Input records:
----

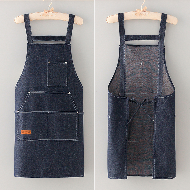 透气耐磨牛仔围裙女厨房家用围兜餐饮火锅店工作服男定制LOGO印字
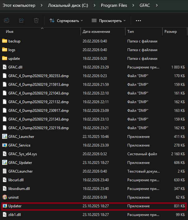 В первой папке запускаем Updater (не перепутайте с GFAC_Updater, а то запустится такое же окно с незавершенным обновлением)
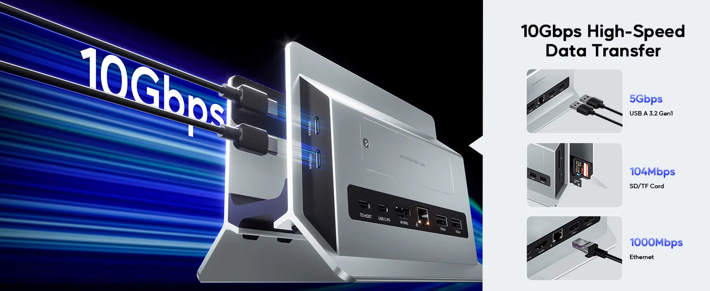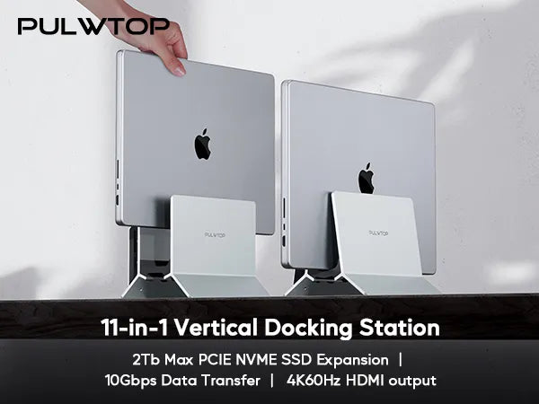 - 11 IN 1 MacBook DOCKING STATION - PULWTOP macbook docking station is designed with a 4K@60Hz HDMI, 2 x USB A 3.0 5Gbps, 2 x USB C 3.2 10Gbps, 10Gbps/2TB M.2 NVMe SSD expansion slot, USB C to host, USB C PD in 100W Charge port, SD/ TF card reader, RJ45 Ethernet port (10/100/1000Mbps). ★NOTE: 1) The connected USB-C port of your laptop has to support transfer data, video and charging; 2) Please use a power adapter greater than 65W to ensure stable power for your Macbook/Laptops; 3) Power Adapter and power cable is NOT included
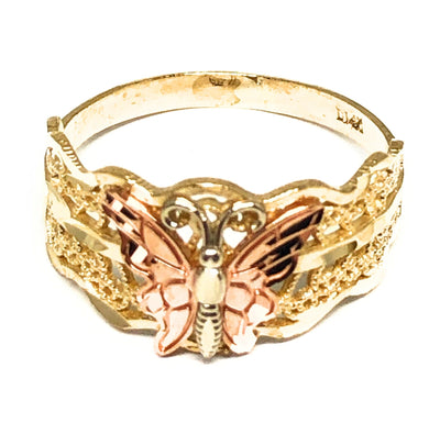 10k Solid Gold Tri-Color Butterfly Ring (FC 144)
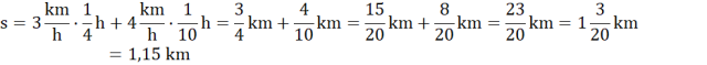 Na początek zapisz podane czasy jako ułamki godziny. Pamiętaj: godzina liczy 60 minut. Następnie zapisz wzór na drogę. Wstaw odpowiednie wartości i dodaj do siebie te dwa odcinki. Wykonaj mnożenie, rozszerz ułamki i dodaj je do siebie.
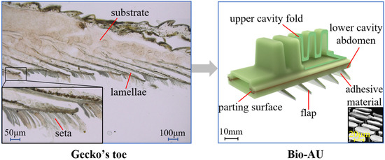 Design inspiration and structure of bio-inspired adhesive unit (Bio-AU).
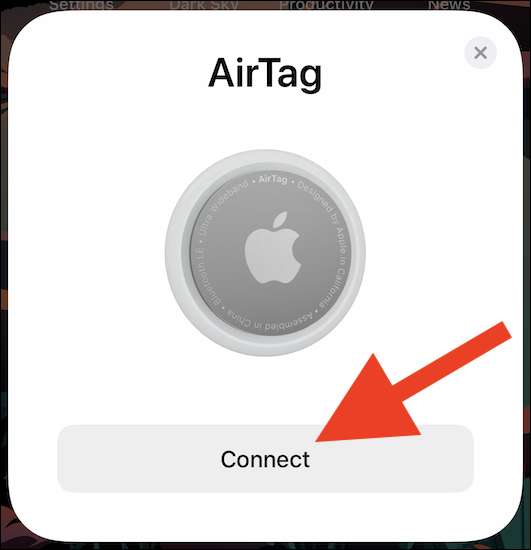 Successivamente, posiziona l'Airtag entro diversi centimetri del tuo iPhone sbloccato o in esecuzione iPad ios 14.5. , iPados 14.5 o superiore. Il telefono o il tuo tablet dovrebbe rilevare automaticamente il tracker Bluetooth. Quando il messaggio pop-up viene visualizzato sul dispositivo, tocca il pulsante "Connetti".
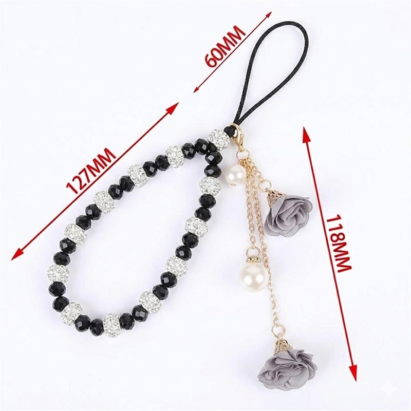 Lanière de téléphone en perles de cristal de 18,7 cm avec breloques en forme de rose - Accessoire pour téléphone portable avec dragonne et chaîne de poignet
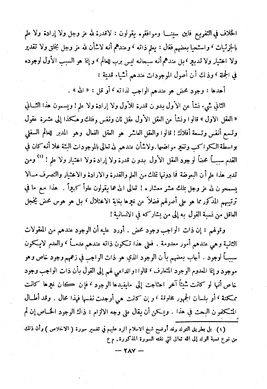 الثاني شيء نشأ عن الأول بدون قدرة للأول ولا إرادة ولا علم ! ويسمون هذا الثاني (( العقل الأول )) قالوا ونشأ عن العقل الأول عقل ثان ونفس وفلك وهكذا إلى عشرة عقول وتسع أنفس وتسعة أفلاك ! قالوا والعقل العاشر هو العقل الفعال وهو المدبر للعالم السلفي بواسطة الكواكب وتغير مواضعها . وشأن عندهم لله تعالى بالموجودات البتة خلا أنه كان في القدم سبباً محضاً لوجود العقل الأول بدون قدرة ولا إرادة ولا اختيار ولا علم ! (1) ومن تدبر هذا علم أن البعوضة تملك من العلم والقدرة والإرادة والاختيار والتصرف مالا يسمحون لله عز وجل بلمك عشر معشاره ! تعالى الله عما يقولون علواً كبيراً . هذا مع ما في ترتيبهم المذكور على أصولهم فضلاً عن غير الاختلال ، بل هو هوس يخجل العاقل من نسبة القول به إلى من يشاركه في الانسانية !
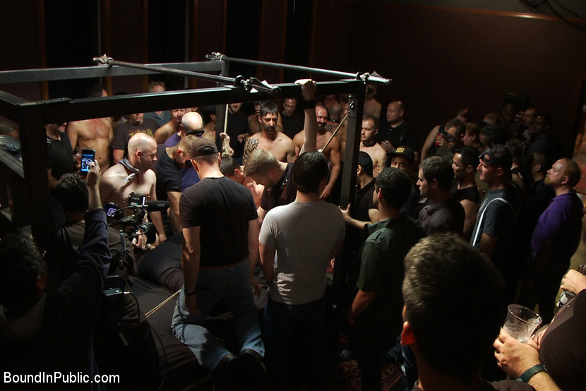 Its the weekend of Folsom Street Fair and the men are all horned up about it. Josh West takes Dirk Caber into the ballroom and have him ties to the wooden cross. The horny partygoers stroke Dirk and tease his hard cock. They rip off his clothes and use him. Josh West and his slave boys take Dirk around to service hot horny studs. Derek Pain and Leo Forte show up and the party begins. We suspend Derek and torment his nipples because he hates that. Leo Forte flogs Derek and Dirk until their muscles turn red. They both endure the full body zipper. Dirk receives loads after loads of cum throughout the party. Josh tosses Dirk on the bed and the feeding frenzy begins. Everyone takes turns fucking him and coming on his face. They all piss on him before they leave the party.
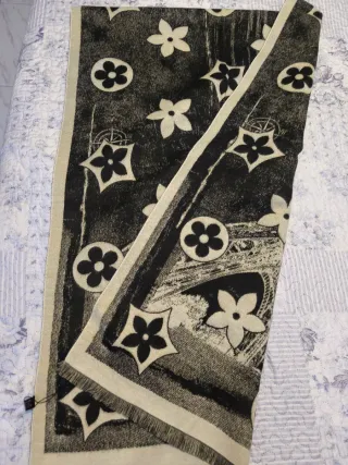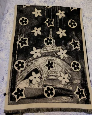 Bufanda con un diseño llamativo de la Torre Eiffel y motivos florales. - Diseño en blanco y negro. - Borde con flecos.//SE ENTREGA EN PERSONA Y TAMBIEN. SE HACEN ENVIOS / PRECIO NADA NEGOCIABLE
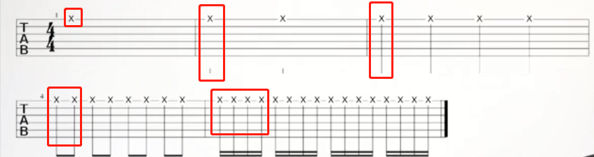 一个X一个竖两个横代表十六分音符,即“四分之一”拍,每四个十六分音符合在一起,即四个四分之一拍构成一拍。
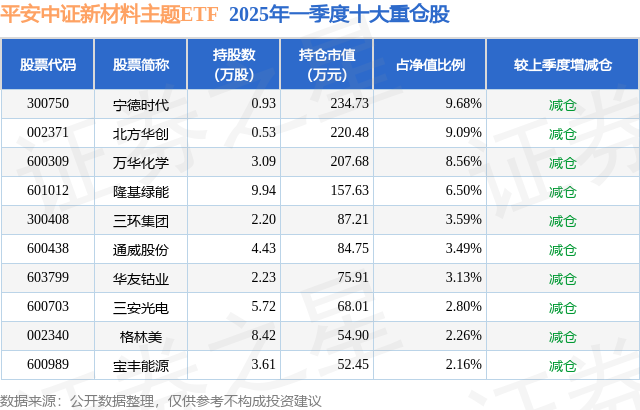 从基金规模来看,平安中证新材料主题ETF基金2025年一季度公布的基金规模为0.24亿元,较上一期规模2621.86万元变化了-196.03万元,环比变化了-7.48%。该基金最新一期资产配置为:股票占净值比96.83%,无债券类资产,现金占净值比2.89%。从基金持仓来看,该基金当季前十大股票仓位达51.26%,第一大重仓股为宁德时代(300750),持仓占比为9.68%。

----

Required action: Above are records to transcribe exactly; leave their pictures out.

Answer for the task:
 透气耐磨牛仔围裙女厨房家用围兜餐饮火锅店工作服男定制LOGO印字
 В первой папке запускаем Updater (не перепутайте с GFAC_Updater, а то запустится такое же окно с незавершенным обновлением)
 - 11 IN 1 MacBook DOCKING STATION - PULWTOP macbook docking station is designed with a 4K@60Hz HDMI, 2 x USB A 3.0 5Gbps, 2 x USB C 3.2 10Gbps, 10Gbps/2TB M.2 NVMe SSD expansion slot, USB C to host, USB C PD in 100W Charge port, SD/ TF card reader, RJ45 Ethernet port (10/100/1000Mbps). ★NOTE: 1) The connected USB-C port of your laptop has to support transfer data, video and charging; 2) Please use a power adapter greater than 65W to ensure stable power for your Macbook/Laptops; 3) Power Adapter and power cable is NOT included
 10k Solid Gold Tri-Color Butterfly Ring (FC 144)
 Na początek zapisz podane czasy jako ułamki godziny. Pamiętaj: godzina liczy 60 minut. Następnie zapisz wzór na drogę. Wstaw odpowiednie wartości i dodaj do siebie te dwa odcinki. Wykonaj mnożenie, rozszerz ułamki i dodaj je do siebie.
 Design inspiration and structure of bio-inspired adhesive unit (Bio-AU).
 Successivamente, posiziona l'Airtag entro diversi centimetri del tuo iPhone sbloccato o in esecuzione iPad ios 14.5. , iPados 14.5 o superiore. Il telefono o il tuo tablet dovrebbe rilevare automaticamente il tracker Bluetooth. Quando il messaggio pop-up viene visualizzato sul dispositivo, tocca il pulsante "Connetti".
 Lanière de téléphone en perles de cristal de 18,7 cm avec breloques en forme de rose - Accessoire pour téléphone portable avec dragonne et chaîne de poignet
 الثاني شيء نشأ عن الأول بدون قدرة للأول ولا إرادة ولا علم ! ويسمون هذا الثاني (( العقل الأول )) قالوا ونشأ عن العقل الأول عقل ثان ونفس وفلك وهكذا إلى عشرة عقول وتسع أنفس وتسعة أفلاك ! قالوا والعقل العاشر هو العقل الفعال وهو المدبر للعالم السلفي بواسطة الكواكب وتغير مواضعها . وشأن عندهم لله تعالى بالموجودات البتة خلا أنه كان في القدم سبباً محضاً لوجود العقل الأول بدون قدرة ولا إرادة ولا اختيار ولا علم ! (1) ومن تدبر هذا علم أن البعوضة تملك من العلم والقدرة والإرادة والاختيار والتصرف مالا يسمحون لله عز وجل بلمك عشر معشاره ! تعالى الله عما يقولون علواً كبيراً . هذا مع ما في ترتيبهم المذكور على أصولهم فضلاً عن غير الاختلال ، بل هو هوس يخجل العاقل من نسبة القول به إلى من يشاركه في الانسانية !
 Its the weekend of Folsom Street Fair and the men are all horned up about it. Josh West takes Dirk Caber into the ballroom and have him ties to the wooden cross. The horny partygoers stroke Dirk and tease his hard cock. They rip off his clothes and use him. Josh West and his slave boys take Dirk around to service hot horny studs. Derek Pain and Leo Forte show up and the party begins. We suspend Derek and torment his nipples because he hates that. Leo Forte flogs Derek and Dirk until their muscles turn red. They both endure the full body zipper. Dirk receives loads after loads of cum throughout the party. Josh tosses Dirk on the bed and the feeding frenzy begins. Everyone takes turns fucking him and coming on his face. They all piss on him before they leave the party.
 Bufanda con un diseño llamativo de la Torre Eiffel y motivos florales. - Diseño en blanco y negro. - Borde con flecos.//SE ENTREGA EN PERSONA Y TAMBIEN. SE HACEN ENVIOS / PRECIO NADA NEGOCIABLE
 一个X一个竖两个横代表十六分音符,即“四分之一”拍,每四个十六分音符合在一起,即四个四分之一拍构成一拍。
 从基金规模来看,平安中证新材料主题ETF基金2025年一季度公布的基金规模为0.24亿元,较上一期规模2621.86万元变化了-196.03万元,环比变化了-7.48%。该基金最新一期资产配置为:股票占净值比96.83%,无债券类资产,现金占净值比2.89%。从基金持仓来看,该基金当季前十大股票仓位达51.26%,第一大重仓股为宁德时代(300750),持仓占比为9.68%。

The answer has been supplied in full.